> [Try it] The lines below, from the one containing "这是一款真正为六级考生量身定" through the one containing "Oracle Cloud Infrastructure Network", should be set down exactly, with no pictures and nothing else.

Segment Start: Data to use

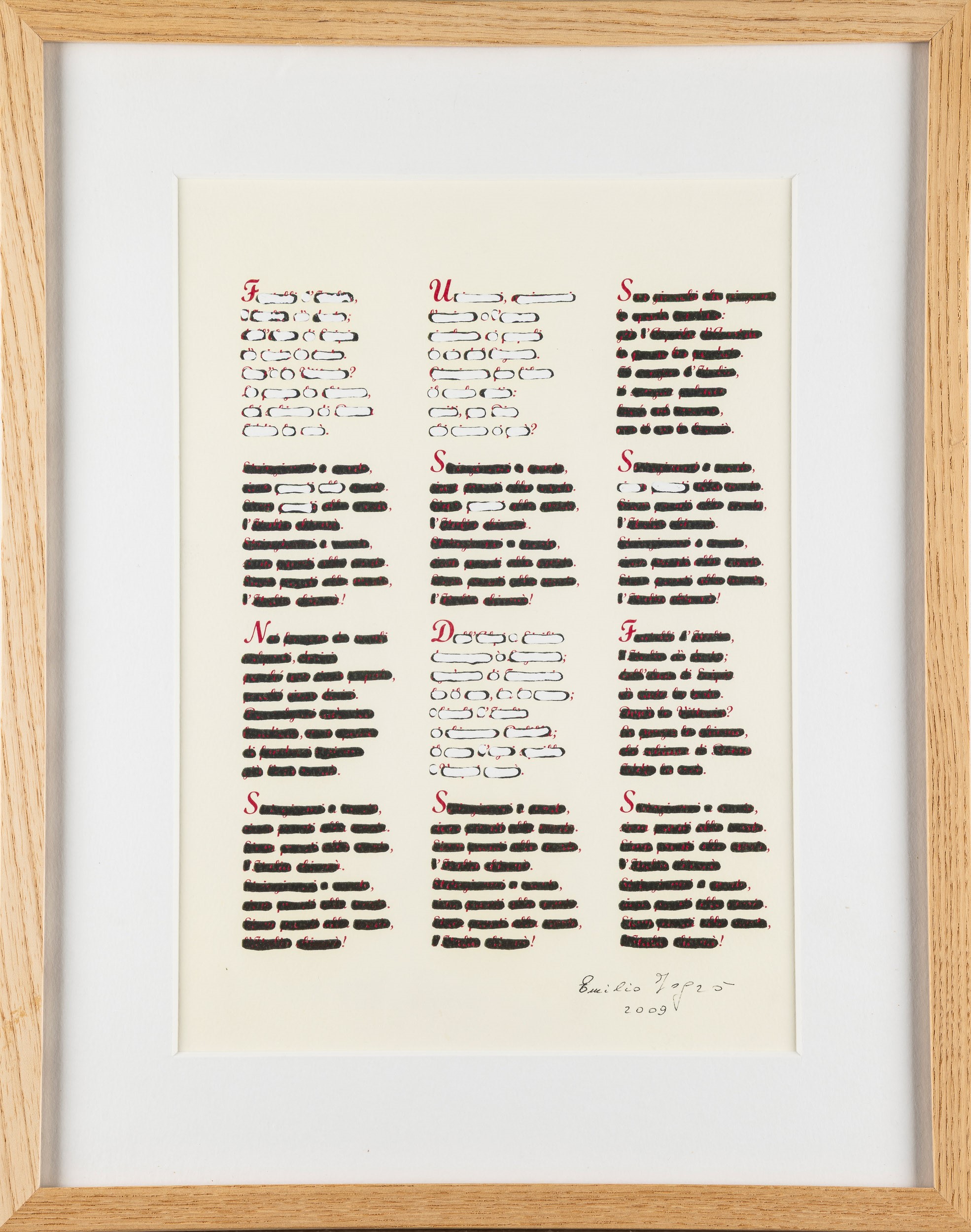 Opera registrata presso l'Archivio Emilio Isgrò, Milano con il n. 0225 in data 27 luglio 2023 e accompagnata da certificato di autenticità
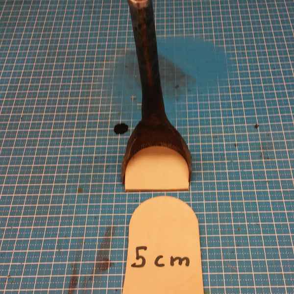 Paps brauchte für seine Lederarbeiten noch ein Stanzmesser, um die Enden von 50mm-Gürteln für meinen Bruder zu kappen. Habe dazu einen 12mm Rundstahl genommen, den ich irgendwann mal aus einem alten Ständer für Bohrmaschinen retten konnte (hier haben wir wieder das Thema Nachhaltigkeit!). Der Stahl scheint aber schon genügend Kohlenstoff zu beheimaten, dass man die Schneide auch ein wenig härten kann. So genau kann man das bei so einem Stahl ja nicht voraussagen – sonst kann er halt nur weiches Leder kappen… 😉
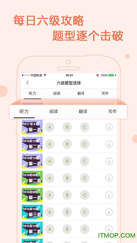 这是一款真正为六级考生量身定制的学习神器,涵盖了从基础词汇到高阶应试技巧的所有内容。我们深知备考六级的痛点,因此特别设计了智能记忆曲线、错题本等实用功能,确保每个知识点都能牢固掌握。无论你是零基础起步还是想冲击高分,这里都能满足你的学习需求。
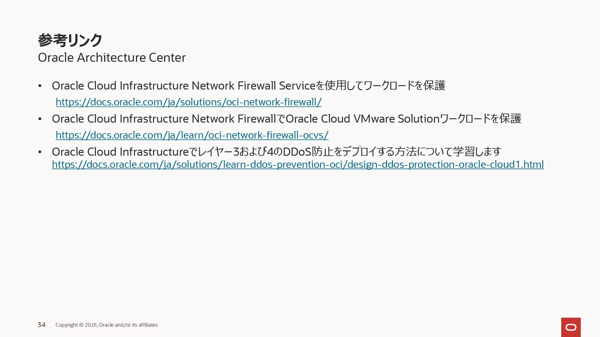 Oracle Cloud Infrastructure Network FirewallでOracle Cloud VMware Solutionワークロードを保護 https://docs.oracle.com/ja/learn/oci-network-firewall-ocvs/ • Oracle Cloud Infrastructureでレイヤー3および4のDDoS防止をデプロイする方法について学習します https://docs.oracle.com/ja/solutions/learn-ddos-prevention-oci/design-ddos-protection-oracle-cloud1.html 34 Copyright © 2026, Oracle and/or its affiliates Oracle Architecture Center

Segment End: Data to use
Segment Start: Data to use

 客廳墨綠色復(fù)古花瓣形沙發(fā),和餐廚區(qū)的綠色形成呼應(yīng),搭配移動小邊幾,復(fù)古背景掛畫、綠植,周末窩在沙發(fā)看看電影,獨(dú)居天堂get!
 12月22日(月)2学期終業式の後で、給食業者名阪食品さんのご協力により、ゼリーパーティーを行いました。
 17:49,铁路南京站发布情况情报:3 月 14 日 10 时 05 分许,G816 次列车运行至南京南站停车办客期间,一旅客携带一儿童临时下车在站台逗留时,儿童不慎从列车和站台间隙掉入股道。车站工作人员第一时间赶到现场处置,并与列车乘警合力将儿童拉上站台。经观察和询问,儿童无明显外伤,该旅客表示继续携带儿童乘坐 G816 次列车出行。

Segment End: Data to use

> [Solution for this problem]
 这是一款真正为六级考生量身定制的学习神器,涵盖了从基础词汇到高阶应试技巧的所有内容。我们深知备考六级的痛点,因此特别设计了智能记忆曲线、错题本等实用功能,确保每个知识点都能牢固掌握。无论你是零基础起步还是想冲击高分,这里都能满足你的学习需求。
 Oracle Cloud Infrastructure Network FirewallでOracle Cloud VMware Solutionワークロードを保護 https://docs.oracle.com/ja/learn/oci-network-firewall-ocvs/ • Oracle Cloud Infrastructureでレイヤー3および4のDDoS防止をデプロイする方法について学習します https://docs.oracle.com/ja/solutions/learn-ddos-prevention-oci/design-ddos-protection-oracle-cloud1.html 34 Copyright © 2026, Oracle and/or its affiliates Oracle Architecture Center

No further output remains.